“I’ve had my three score years and ten. I really can’t complain – all the rest is extra.” These are the words of my father a few years before he died.
The number these days – probably even then – might not be exactly right when calculating the average life span, but the attitude is spot on.
When it comes to living, we all want more, more, more. But I think we should be pleased when we get those extra years of life. They should be valued and savoured as much as the years before.
But my father had a much more serious problem than simply dying – he was deeply concerned for the welfare of my mother, who had vascular dementia.
If he died first, who would look after her when he was gone?
Many of us older people these days find ourselves in the role of carers (or ‘caretakers’ in the US). There is the occasional carer for a parent – the children of all those centenarians, after all, are not exactly young.
But much more common are the older people caring for a spouse with a serious disease or disability. They slowly aged together and one of them became afflicted with some problem or other.
The remaining spouse generally does what he or she can for a period. If things become too difficult to manage, the overwhelmingly stressful decision may be taken to put them into a care or nursing home of some sort.
But this doesn’t take away the problem. All the worries of who will visit and care about them and how the ill or disabled person will manage in the case of their death still remain.
In my father’s case, the situation was eased because they lived in a retirement community and, when he could no longer cope, my mother was moved to the ‘assisted living’ – and later, the ‘nursing care’ – part of the same complex.
Moreover, he had hired a wonderfully attentive woman to see to her needs for some hours every day.
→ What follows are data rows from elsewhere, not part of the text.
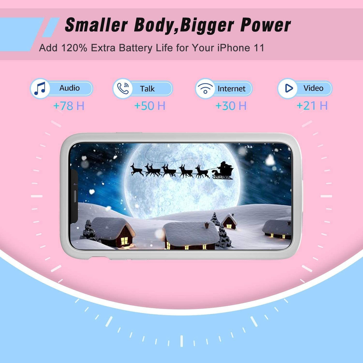 Nota importanteSolo compatible con iPhone 11 (6.1 pulgadas), no compatible con 11 Pro o iPhone 11 Pro Max. No es compatible con reproducción de coche/carga rápida/carga inalámbrica Qi.; Añade un 120% de duración extra de la bateríaEsta funda de batería para iPhone 11 de 5000 mAh proporciona un 120% de energía adicional para tu iPhone 11, lo que significa que puede añadir reproducción de video de 21 horas, añadir un reproductor de audio de 78 horas. Te permite disfrutar de más horas de entretenimiento y trabajo.; Fácil de usarEl diseño de una sola pieza hace que la instalación y el transporte sean más fáciles y seguros. Simplemente desliza tu iPhone 11 en la funda de carga, pulsa el botón de encendido posterior durante 3 segundos para empezar a cargar. Los 4 indicadores de luces LED traseros pueden mostrar el consumo de la funda del cargador. (0–25%–50%–75%–100%).; Escucha y sincronizaciónCompatible con auriculares Bluetooth y auriculares de cable, puedes disfrutar de audio y música en cualquier momento sin quitar esta funda de carga para iPhone 11. Sincroniza cómodamente tu iPhone a tu computadora, PC o laptop sin tener que quitar la funda de la batería.; Protectiva, suave, portátilHecha de goma de silicona, esta funda de carga para iPhone 11 puede ofrecerte un tacto cómodo. Y no se desliza fácilmente cuando la sostienes o la pones en tu bolsillo. No es un cargador, sino también una funda protectora, que protege tu iPhone del desgaste. Todos nuestros productos estan en inglés SKU 91221081381
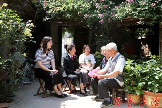 图为,5月17日,该院审判管理办办公室法官葛倩团队为一起养老诈骗案件,到郯城街道城里一社区81岁的退休教师李长修老人家中调查取证,并向老人讲解相关法律知识。
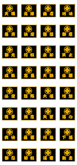 家紋入り二文字侍言葉 丸に四つ目 スタンプ画像一覧

She helped my mother to dress, talked to her endlessly and took her out for walks.
She had a marvellous combination of practicality, good sense and great warmth. She undoubtedly eased the lives of both my parents in their last years.
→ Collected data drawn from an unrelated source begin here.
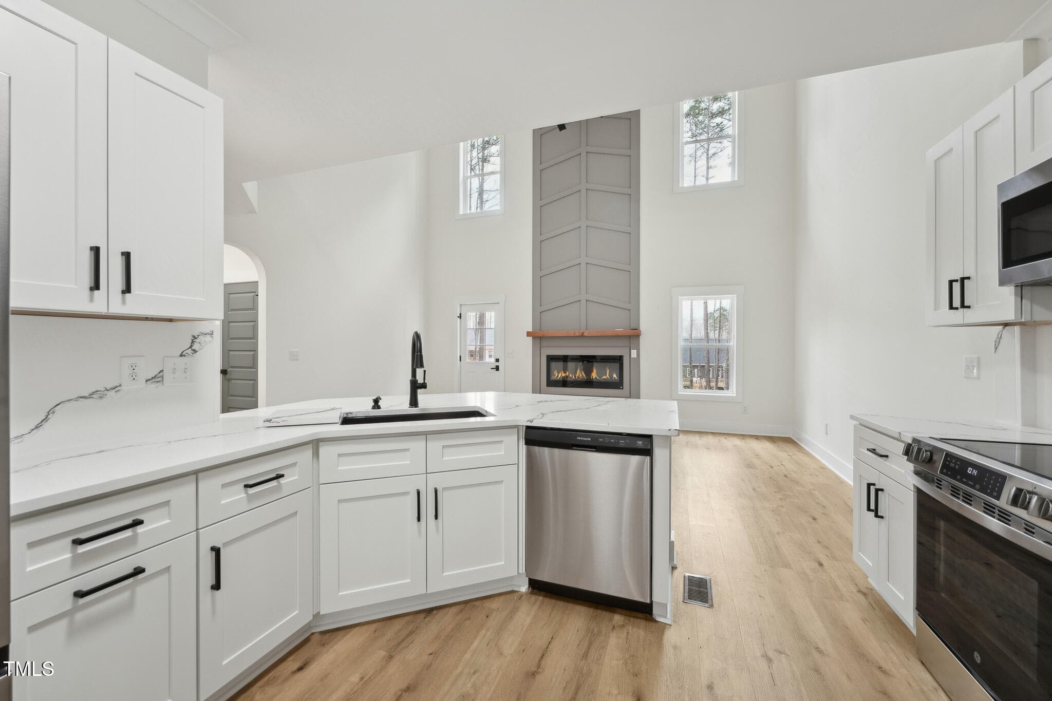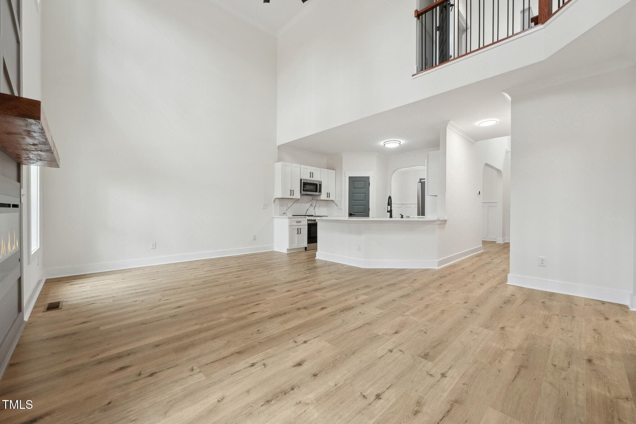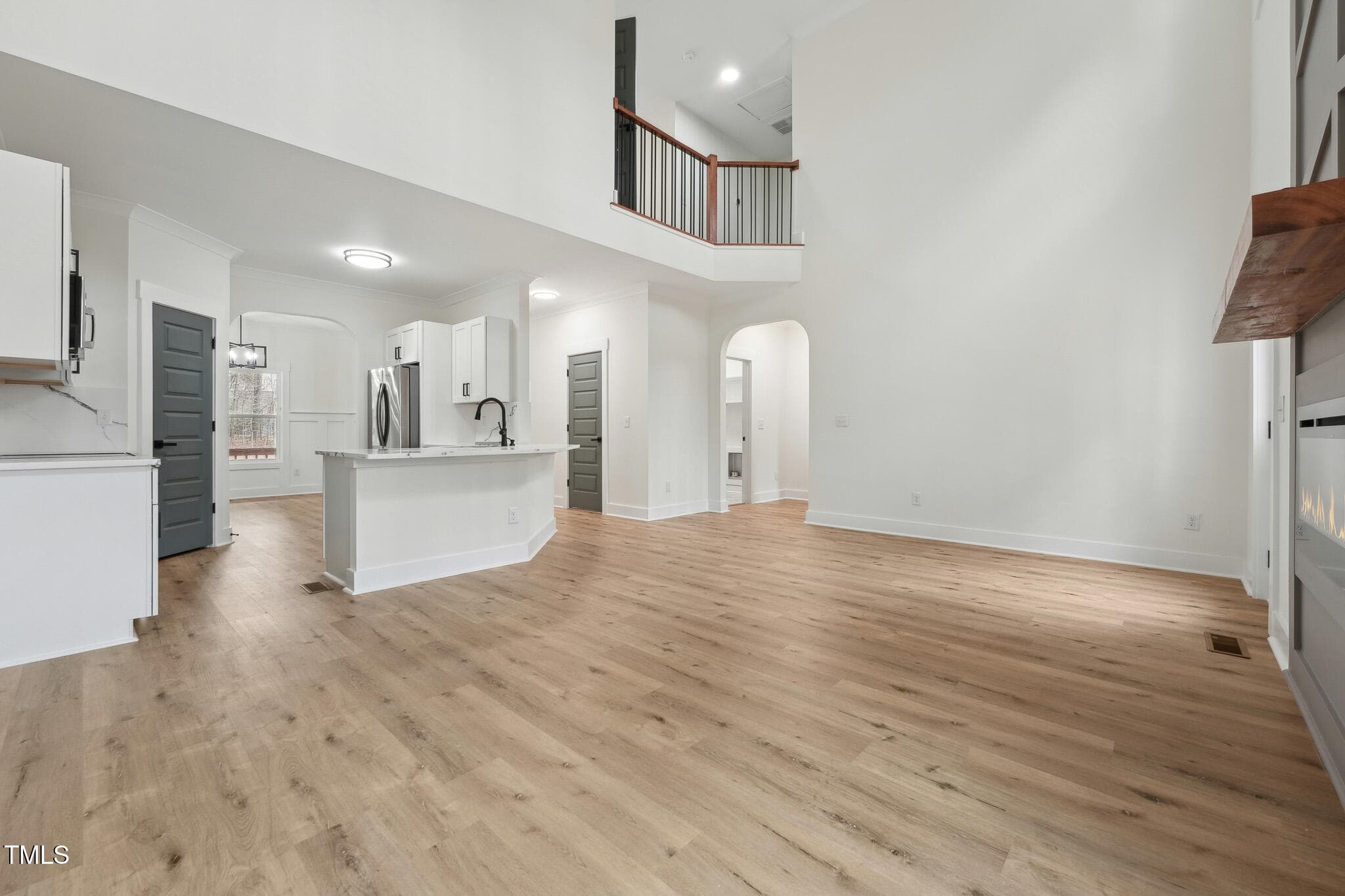 The open-concept design welcomes you to a 2-story foyer leading to a soaring Family Room, complete with a modern linear fireplace framed by a dramatic 2-story accent wall with direct access to the spacious deck overlooking the serene wooded backyard. The elegant Dining Room shines with crown molding and wainscoting, while the Kitchen is rich in beauty with white soft-close cabinetry, Quartz countertops & backsplash, SS appliances–refrigerator included, and peninsula bar seating.
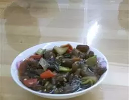 4、取一点油,烧开,放入姜丝爆香,然后放入肉段,胡萝卜丁,黄瓜丁,再放入调料,还有番茄酱。翻炒一会就可以出锅了。
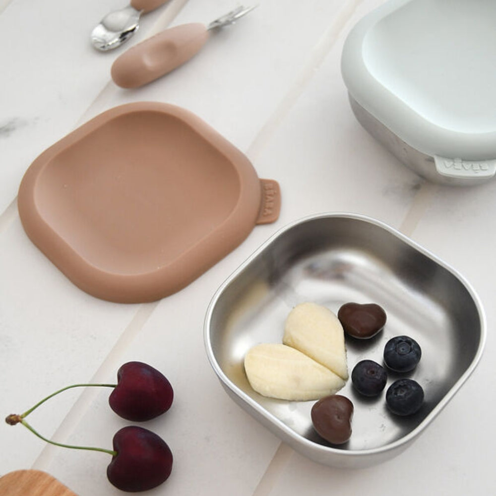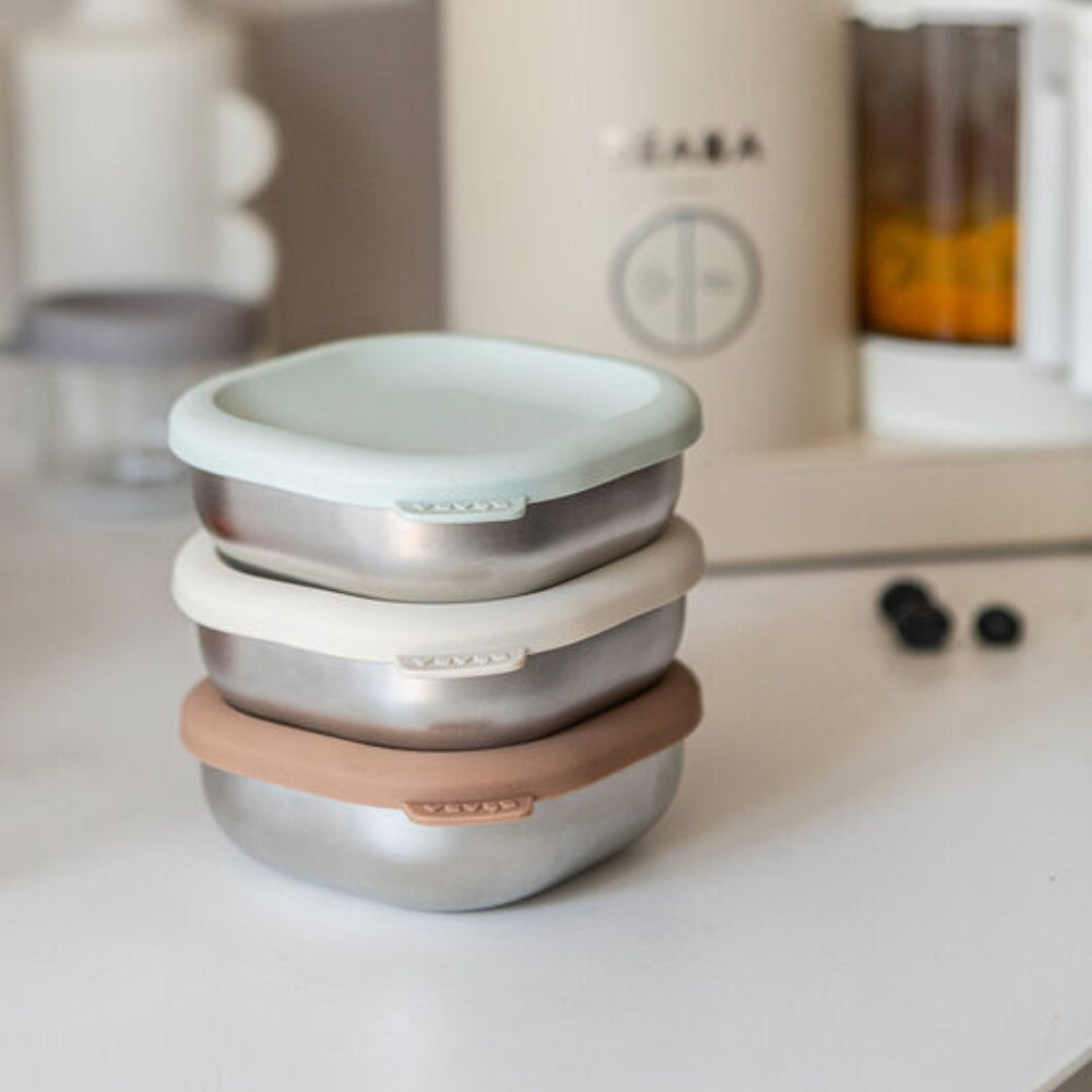 Beaba Rustfri madbeholdere med silikonelåg, 3 stk. Naturfarvet

And yet this did not solve my father’s problem of dying before my mother.
He broached this issue with my brother and myself on several occasions, and we assured him we would continue to do what we could – and to pay for the extra help for as long as it was needed.
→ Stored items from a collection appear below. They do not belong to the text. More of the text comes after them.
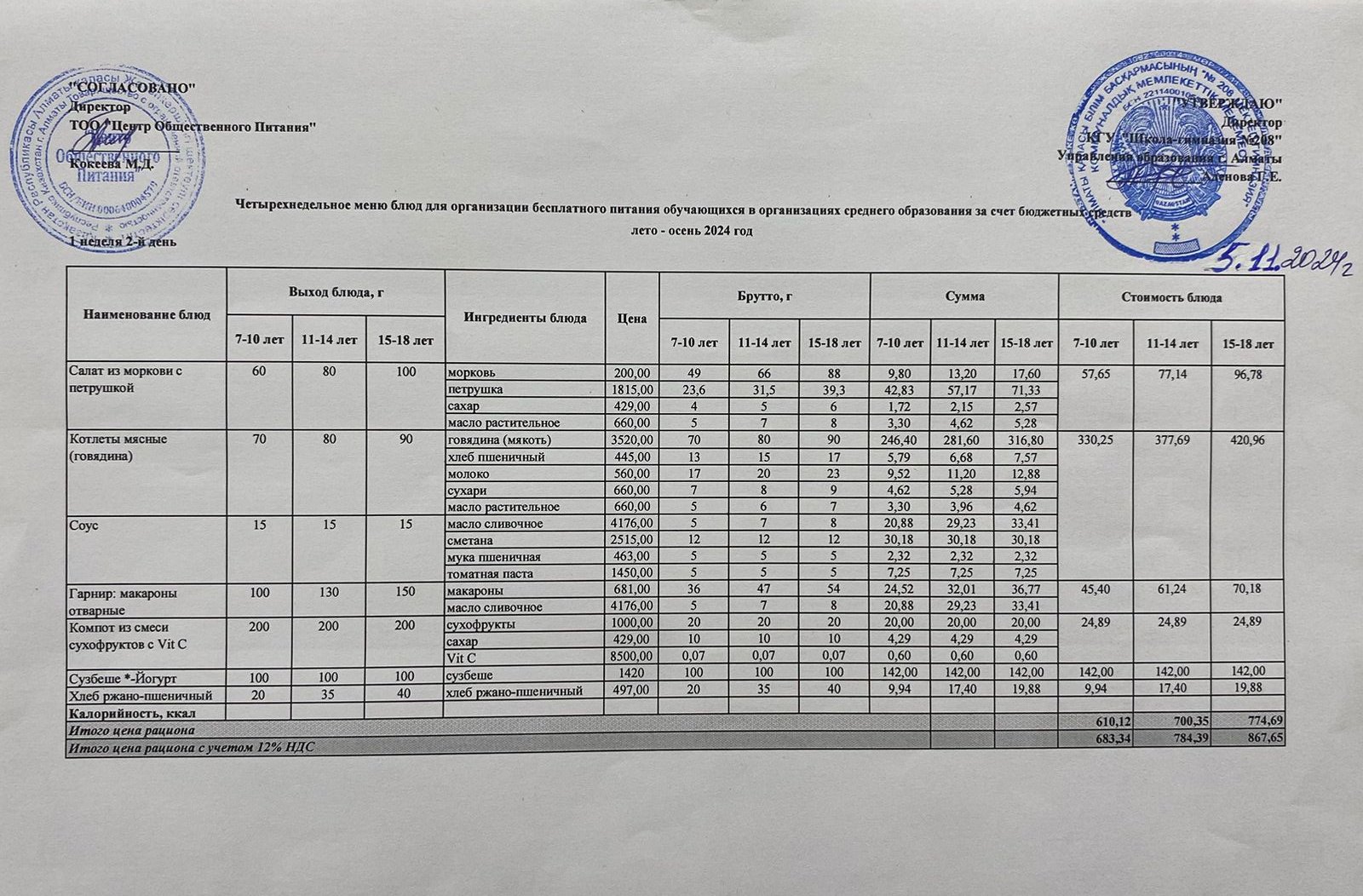 05.11.2024ж Асхана мәзірі » №208 мектеп-гимназия
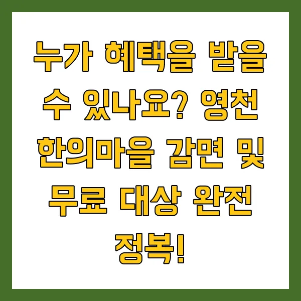 누가 혜택을 받을 수 있나요? 영천 한의마을 감면 및 무료 대상 완전 정복! 💖
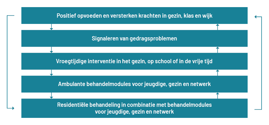 Het voorkomen van opvoed- en ontwikkelproblemen start met een sterke pedagogische basis in gezin, klas en wijk. Signalering en vroegtijdige interventie zijn gericht op het tijdig en kort ondersteunen van gezin en omgeving. De pijlen aan de zijkanten van de figuur laten zien dat jeugdhulp direct kan worden bijgeschakeld door een gemandateerde verwijzer, maar ook dat er altijd weer wordt teruggeschakeld naar de basisvoorzieningen. Daarnaast is in het model de consultatiefunctie opgenomen voor overdracht van specifieke kennis aan de basisvoorzieningen.

I had already been very familiar with this problem. Many years ago, I had carried out some research on the problem of parents of adult sons and daughters with what are now called learning disabilities.
Many of the parents were in their late 70s and 80s and many of their ‘children’ were aged 50 and above. The study was ostensibly about what they saw as the best housing arrangements once their son or daughter moved from the family home.
But it soon became clear that the real issues that worried these parents were emotional – not practical – ones.
First, the tremendous family bond meant that they didn’t want their son or daughter to move away to be helped by anyone else. They feared that no one would love them or care for them in the same way.
And second, they were deeply, deeply worried about what would happen after they were gone.
This was probably the most emotionally stressful of any of the research I ever undertook, with highly emotive interviews often ending with tears.
My colleague and I felt that we had no easy answers, but it was important to raise the question, which had been largely hidden. By bringing it out in the open, we hoped that both parents – and the professionals who worked with them – could begin to make appropriate and thoughtful decisions.
We published a book called Letting Go, which got some attention at the time (1989) but is long out of print. I should mention that the book has not been updated since it was published, so if you manage to find a copy, please do bear that in mind.
I want to come back full circle to where I began. As we age, we naturally begin to think about death and its implications for ourselves.
This is normal – and healthy – and I hope everyone can find their own peace.
But spare a thought for those who have that additional worry of what will happen to someone they love when they are gone. They are the ones for whom we must have the utmost sympathy.
My father did die first. But my mother died only three months later. We continued to pay for her companion, who was enormously helpful to the end.
At my father’s request, we gave her an extra sum after my mother’s death in thanks for her devotion to my mother.
And I learned some years later that she used this sum to pay for nursing training, got her diploma and has since become a nurse, a lifelong ambition.
Do you look after a family member with additional needs? Do you worry about what would happen if you were to die first? What steps have you taken to ease that situation?